First April, now Mimi. It struck the artist in him as humerously ironic, in a dark and bittersweet way, how his loves had been taken from him. It was as though the Reeper was following him around plucking those he cared for from his grasp just as he'd realized he wanted to hold on. He cursed.
He'd only just found Mimi again.
He leaned forward, slapping his palms on the railing of the fire escape, a concession to the anger boiling up inside of him.
He wasn't built to live with so many changes. That was life, he supposed. So many curves that you ended up driving through all manner of muck and briars just to have some semblance of a straight path.
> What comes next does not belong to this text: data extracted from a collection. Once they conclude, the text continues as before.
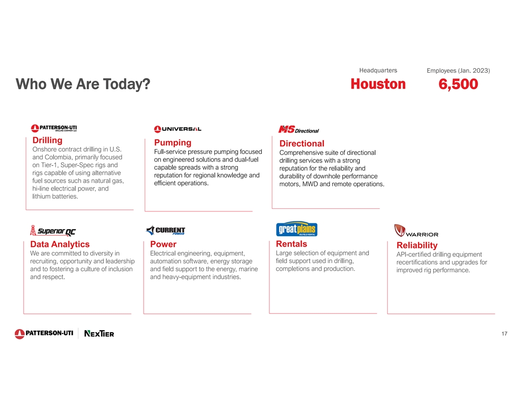 Headquarters Employees (Jan. 2023) Who We Are Today? Houston 6,500 DRILLING PUMPING DIRECTIONAL DATA ANALYTICS POWER RENTALS RELIABILITY Onshore contract Full-service pressure Comprehensive Space flight Electrical Large selection of API-certified drilling drilling in U.S. and pumping focused on suite of directional navigation engineering, equipment and field equipment Colombia, primarily engineered solutions drilling services with algorithms to equipment, recertifications and support used in focused on Tier-1, and dual-fuel a strong reputation improve the automation upgrades for drilling, completions Super-Spec rigs and capable spreads for the reliability and accuracy of software, energy improved rig and production rigs capable of with a strong durability of horizontal wellbore storage and field performance downhole using alternative reputation for placement and support to the performance motors, fuel sources such as regional knowledge quality energy, marine and MWD and remote natural gas, hi-line and efficient heavy-equipment electrical power, operations operations industries and lithium batteries 1 50% 39% 8% 3% Revenue % CONTRACT DRILLING PRESSURE PUMPING DIRECTIONAL DRILLING OTHER 16 2 16 1 Patterson-UTI reported revenue for the twelve months ended December 31, 2022.
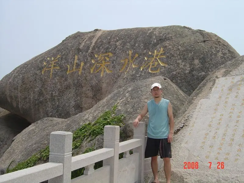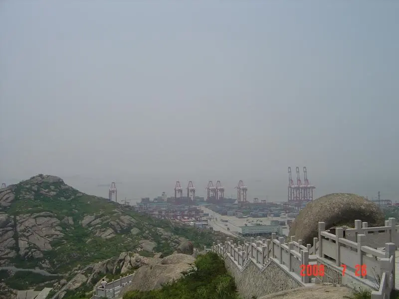 大洋山还没开发,目前港区在小洋山岛上。山不太高,全是大岩石,没有乔木,奇怪的山上会芦苇。为了满足旅游需要,开发了一个“观光游览区”,其实就一个登山步道,修得挺豪华,路面和扶手全是加工精细的花岗岩,风景一般,行头却挺隆重,因此才好意思收门票:30元。十个景点中,石龙奇观比较有趣,两条上百米的石头上下相叠(估计是一雌一雄,呵呵)。
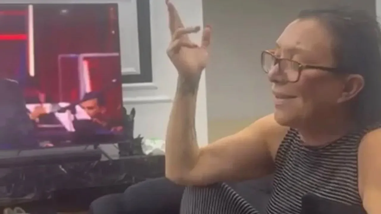 Görüntüde, Güllü'nün televizyonda çalan şarkıya eşlik ettiği, kızı Tuyan Ülkem Gülter'in televizyonun önünde dans ettiği görüldü.

He snorted. It was bullshit, that was what it was. Mimi had been bright, funny, driven. She'd fought through so much to end up where she was - weeks from getting her GED, holding down her first steady job in weeks.
It shouldn't have been her time.
And yet, life, unfair and despicable though it was, had taken her all the same.
He setlted onto the top step of the ladder and stared across the city. Resting his head against the railing he let the tears come, weeping quietly for the love he had lost and the death of the hope, she had represented, with her.
A flight of metal stairs below, the loft apartment remained empty, with only silence awaiting his return.